Case Study: How Companies Architect for Scale

Learning from real-world systems provides insights that theoretical analysis cannot. This section examines patterns from companies that have solved AI scaling challenges.

Pattern: Prefill-Decode Disaggregation

The problem: LLM inference has two phases with different characteristics:

  • Prefill: Process all input tokens (compute-bound, parallelizable)
  • Decode: Generate output tokens one by one (memory-bound, sequential)

Running both on the same hardware means neither is optimized.

The solution: Separate prefill and decode to different hardware.

Prefill-Decode Separation Architecture

Prefill-Decode Separation Architecture

Why it works: Prefill benefits from high compute density. Decode benefits from high memory bandwidth. Different GPU configurations optimize each. The orchestrator routes appropriately.

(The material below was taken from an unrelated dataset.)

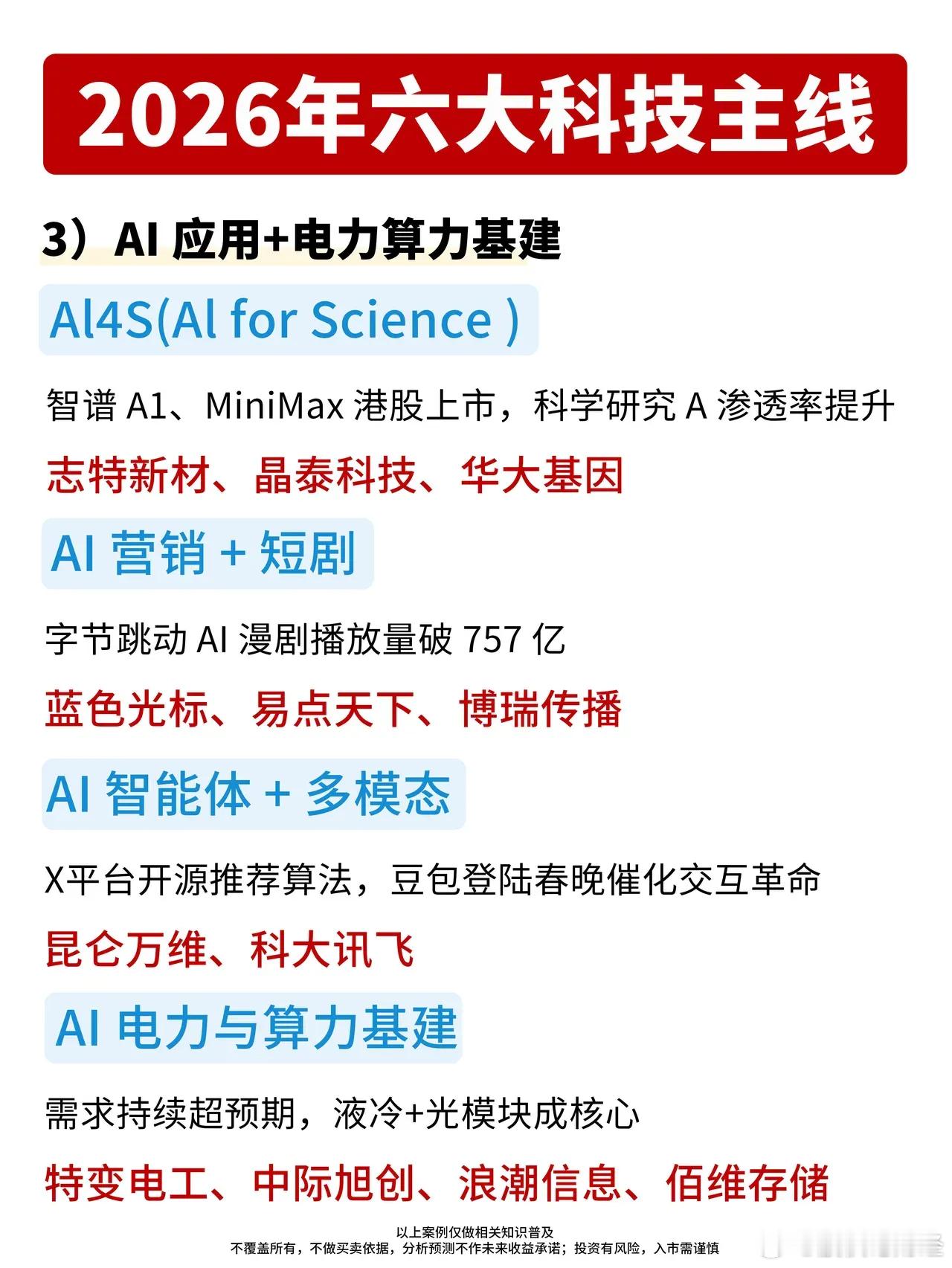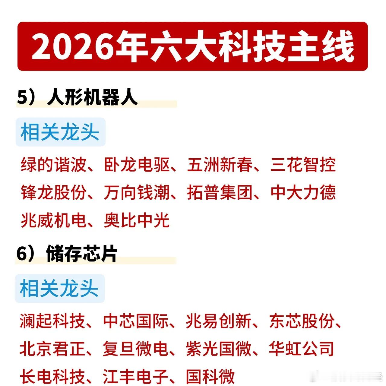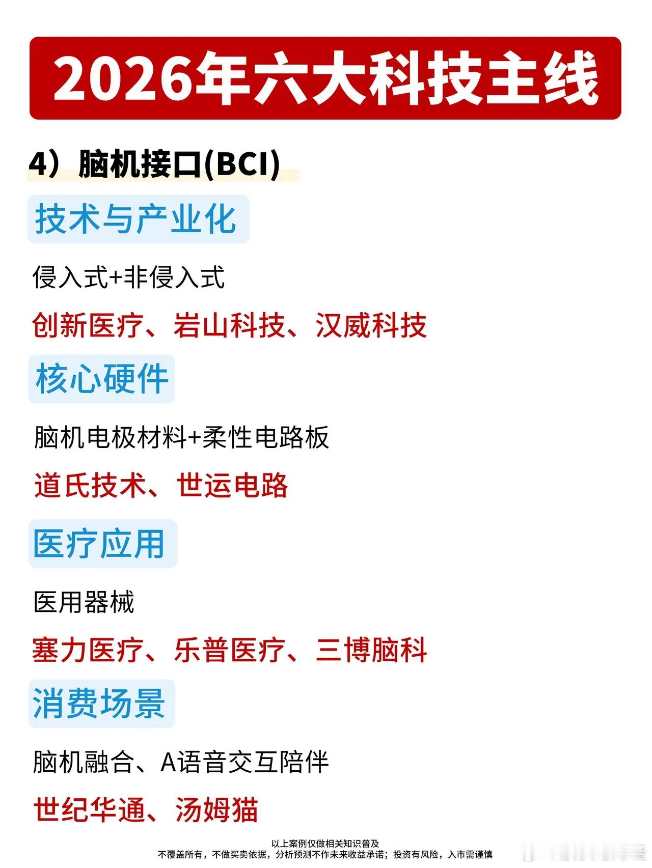 2026年六大科技主线出炉!1️⃣ 商业航天和低空经济太空算力、可回收火箭、太空光伏、低空飞行商业化全面提速,“千帆星座”首星发射在即,商业航天迎来高频发射时代。2️⃣ 贵金属与有色金属AI算力爆发带动铜、铝需求激增,白银在光伏与半导体领域的应用持续放量,小金属和稀有材料成为AI硬件升级的关键支撑。3️⃣ AI应用+电力算力基建AI for Science(AI4S)加速渗透科研领域,AI营销与短剧迎来流量爆发,液冷与光模块成为电力算力基建的核心抓手。4️⃣ 脑机接口(BCI)侵入式与非侵入式技术并行推进,核心硬件与医疗应用加速落地,消费场景下的脑机融合开启人机交互新体验。5️⃣ 人形机器人关节、驱动、传感器等核心环节技术突破,商业化落地进程加快,产业链相关龙头迎来黄金发展期。6️⃣ 储存芯片AI算力需求拉动存储芯片量价齐升,国产替代进程加速,相关企业迎来技术升级与市场扩容的双重机遇。

Trade-off: Increased system complexity. KV cache transfer adds latency. Only worthwhile at significant scale.

Pattern: Semantic Caching at Scale

The problem: Users often ask similar questions. Computing the same response repeatedly wastes expensive GPU time.

The solution: Cache responses based on semantic similarity, not just exact match.

Semantic Caching Architecture

Semantic Caching Architecture

Implementation considerations:

  • Similarity threshold affects hit rate vs. accuracy trade-off
  • Cache invalidation for stale information
  • Handle personalization (cache per-user or use placeholders)
  • Multi-tenant isolation
class SemanticCache:
    """Cache with semantic similarity matching."""

    def __init__(self, embedding_model, vector_store,
                 similarity_threshold: float = 0.95):
        self.embedder = embedding_model
        self.store = vector_store
        self.threshold = similarity_threshold

    async def get(self, query: str, context: dict = None) -> Optional[dict]:
        """Check cache for semantically similar query."""
        query_embedding = await self.embedder.embed(query)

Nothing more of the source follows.